著者は、本書の刊行当時、東京本社科学医療部に所属する朝日新聞記者です。
タイトルは、テレビ東京の「緊急SOS!池の水をぜんぶ抜く大作戦」から取られています。
最近はテレビ大阪であまり放映されていませんが、私もよくこの番組を見ていました。
放送内容は、池から水とヘドロを排出し、出演者が泥の中を格闘して魚やカメなどを捕まえ、外来種と「在来種」をより分け、外来種は駆除、「在来種」は池に戻し、池を綺麗にするというものです。
一種の「かいぼり」です。
タレントが泥まみれになりながら格闘し、カミツキガメなどを捕獲するシーンが出てきます。
センセーショナルな字幕が頻繁に現れ、大音量の効果音が使われています。
著者は、番組が「かいぼり」の認知度を高めた点を評価しつつ、いくつかの疑問を呈します。

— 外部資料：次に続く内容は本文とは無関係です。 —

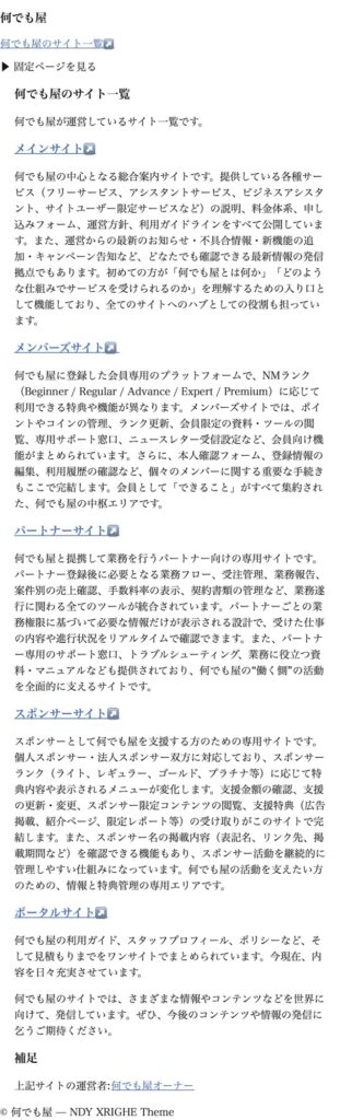 サイトタイトル下の「何でも屋のサイト一覧↗️」は、クリックすると、何でも屋が運営しているサイトの一覧と概要を見ることができます。
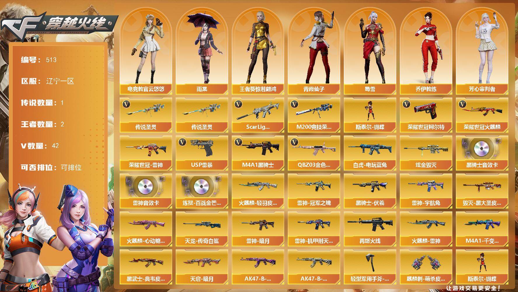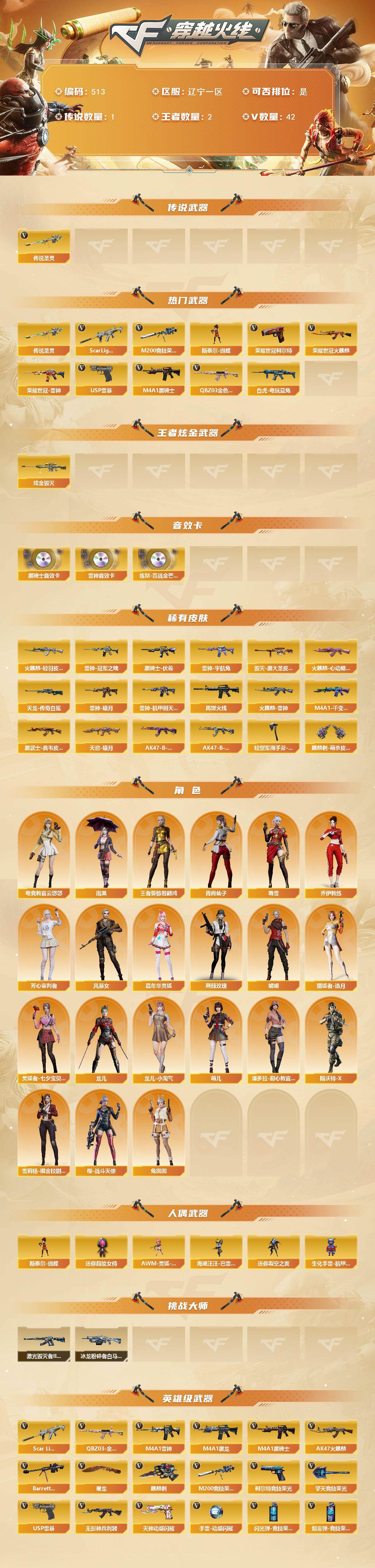 - [12401828]【商品标题】:南方大区-38V-4王者-1炫金 【热门武器】:QBZ03-金色蔷薇,HK417-朱雀,M200-幻神,死亡之眼,Kar98K-星神,M4A1-黑骑士,沙鹰-修罗 【王者炫金武器】:炫金天龙,王者之势,王者之武 【音效卡】:M4A1-雷神音效卡,Barrett-毁灭音效卡 【稀有皮肤】:雷神-能量核心,火麒麟-平天大圣,黑骑士-暗月,毁灭-暗月,毁灭-星空,AWM-天龙-传奇白鲨,M200-庆典-CFS 2021*2,AWM-CFS 2020 【角色】:蜀雪,魅影,青霞仙子 【人偶武器】:AWM-灵狐-15周年嘉年华,迷你深渊冰龙,迷你牛牛,生化手雷-机甲核心,深渊终结者手雷 【暴走生化】:死亡之眼 【挑战大师】:神圣爆裂者-末日III,阐释者III,激光毁灭者III,VEPR-12-金魔,AK47-冰龙粉碎者 【英雄级武器】:马来剑-夜魔,斩神刀-雷暴,QBZ03-金色蔷薇,HK417-朱雀,无影-神兵利器,M4A1-雷神,M4A1-黑龙,M4A1-黑骑士,AK47-无影,AK47-火麒麟,Barrett-毁灭,Barrett-极光,AWM-裁决,Kar98K-星神,M200-幻神,黑武士-锦绣游龙,黑骑士-海王*3,AK-47-猩红传说,沙鹰-天神*2,沙鹰-修罗,麒麟刺,擎天,龙啸,屠龙*2 【特殊枪械】:1黑骑士,
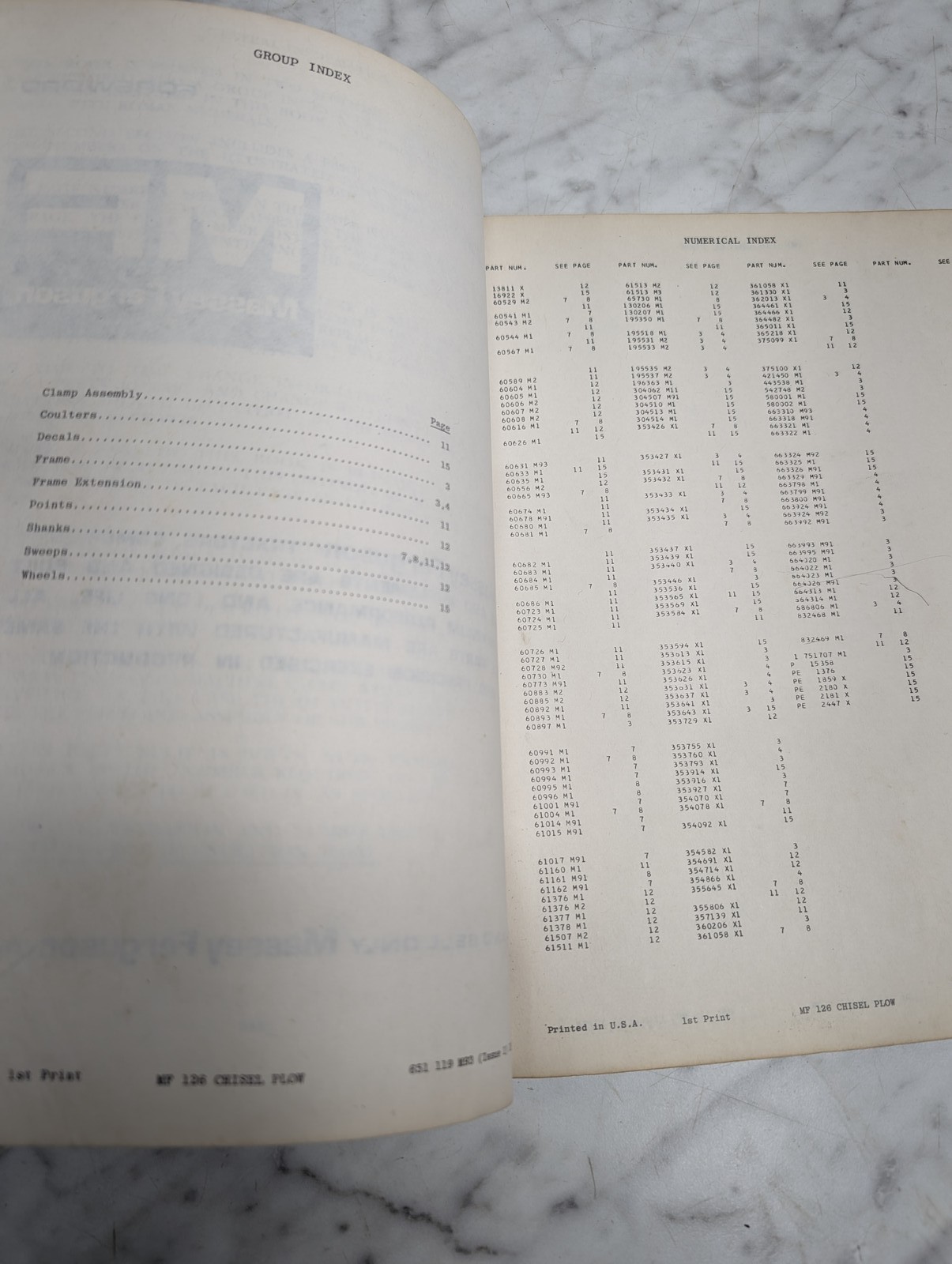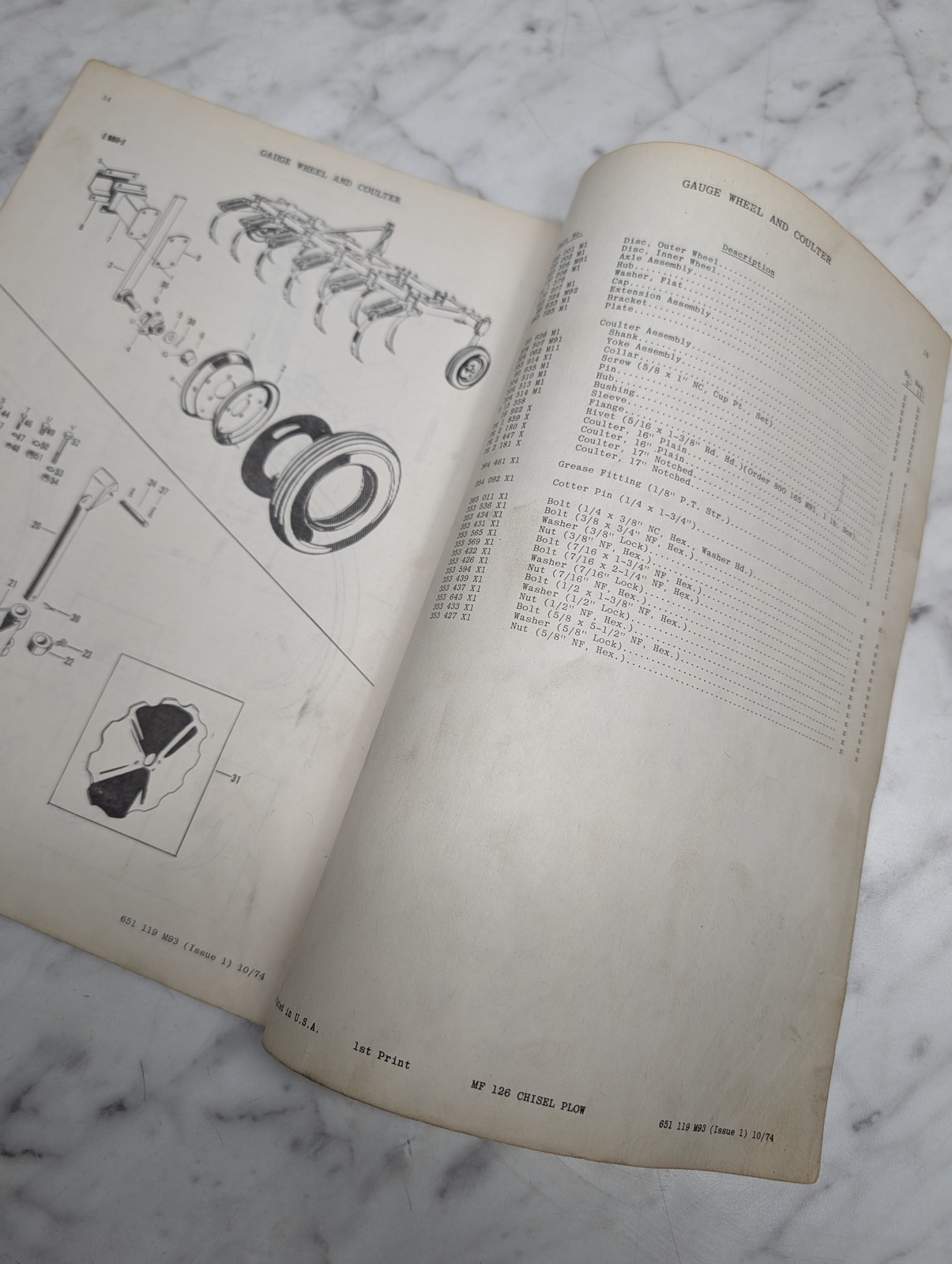 Massey Ferguson Mf 126 Chisel Plow Form No 651 119 M93 Parts Book Manual

まず番組が外来種を一律に「悪者」扱いしている点です。
「生態系や人の社会にリスクがあるか」という観点が重要だと。
また、番組の池を抜く作業は1回限りですが、「かいぼり」は、地域が主体的に、継続的に取り組む必要があると指摘します。
そして、外来種を宿敵扱いする番組制作の姿勢を批判します。
この番組を扱っている箇所は、全体の中のわずか10ページ足らずで、生き物に関して近年起きている事象が幅広く紹介されています。
特にネット空間での生き物の売買の実体には、改めて驚きを禁じえませんでした。
神戸市は「里山SDGs戦略」を策定し、この中で、市民との協働による外来生物対策や「かいぼり」の実施、在来生物の保全などを掲げています。
生き物との距離も大事です。
本書で紹介されている豊富な事例や課題は、この戦略を推進していく上で参考になりました。